For a political junkie, the Senate provides an endless array of potential possibilities for reform to ponder. Some--like having the P.M. share half of his appointments with the Opposition and the Premiers, and paying Senators on a per diem basis--are constructive, can be done within the present constitutional framework, and have no obvious downside. Others--like Mr. Harper's proposal--are so potentially fraught with unintended consequences that they should be approached with caution. Personally, I am intrigued by the notion that the Senate, as a legislative body that is not the seat of government and is therefore not a House where the government can fall due to a vote of non-confidence, can more easily be based on proportional representation. I also like to imagine an elected Upper House where a more regionally balanced group of legislators can exercise a veto in areas where the Government is spending money in provincial jurisdiction--health, education, daycare , and so on. In areas of pure federal jurisdiction such a newfangled Senate would have only a suspensive veto. But this is not Mr. Harper's Senate.
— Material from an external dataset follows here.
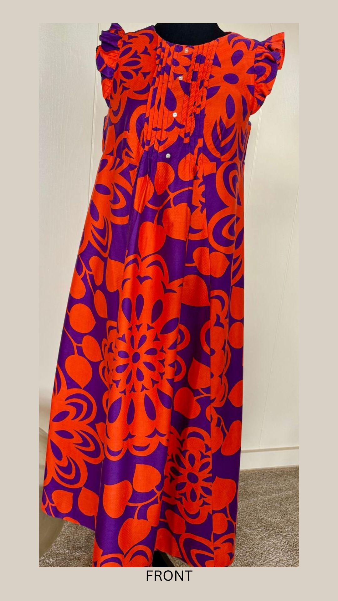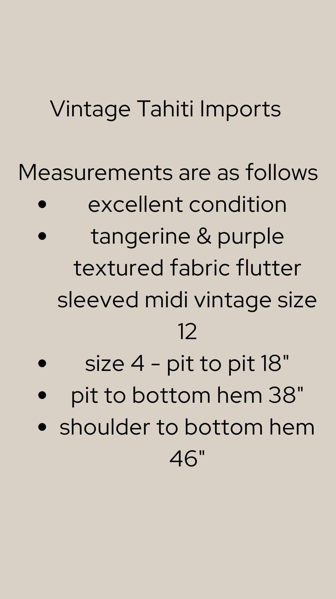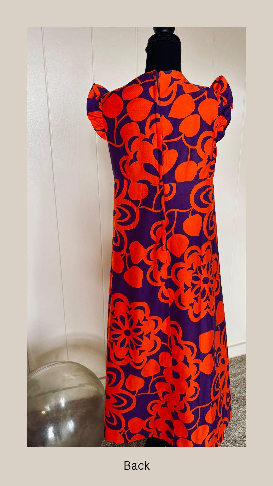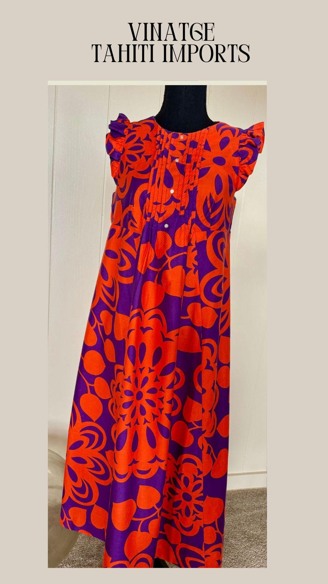 Discover a vibrant piece of fashion history with this exquisite heirloom dress, this came all the way from a collector in England. This Tahiti Imports dress is a unique tangerine and purple lightly textured fabric, this dress captures the essence of late 1960s to early 1970s style. The dress remains in excellent vintage condition, showcasing the quality and care it has received over the years. It is a vintage size 12, with measurements that include 18 inches from pit to pit, 38 inches from pit to bottom hem, and a total length of 46 inches from shoulder to bottom hem.
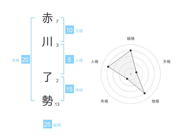 赤川 了勢さんの総格は25画の4点!

One of the great things about our present group of unelected rulers in Parliament is that they can be counted upon to do a lot of good committee work and to keep their constitutional powers in reserve. Such admirable restraint will go out the window with the appointment of elected Senators.
The real problem occurs when our unelected rulers lack self-restraint--which is why, for the time being at least, we should be more concerned about that that other "other place"--the Supreme Court of Canada.